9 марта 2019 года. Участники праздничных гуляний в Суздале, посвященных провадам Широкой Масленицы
* * *
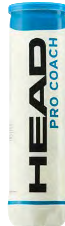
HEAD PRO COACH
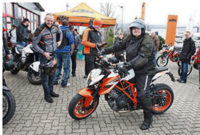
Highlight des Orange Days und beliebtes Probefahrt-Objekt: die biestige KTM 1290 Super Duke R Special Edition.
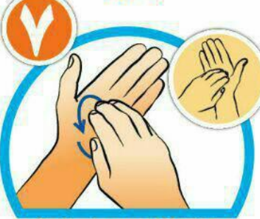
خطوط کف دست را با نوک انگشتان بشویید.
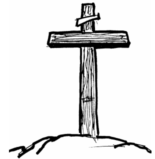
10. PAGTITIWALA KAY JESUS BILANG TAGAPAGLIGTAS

WORK TASK »
With the pictures omitted, copy the entries above exactly from the line containing "Highlight des Orange" through the line containing "10. PAGTITIWALA KAY", both lines included.

WRITTEN ANSWER »
Highlight des Orange Days und beliebtes Probefahrt-Objekt: die biestige KTM 1290 Super Duke R Special Edition.
خطوط کف دست را با نوک انگشتان بشویید.
10. PAGTITIWALA KAY JESUS BILANG TAGAPAGLIGTAS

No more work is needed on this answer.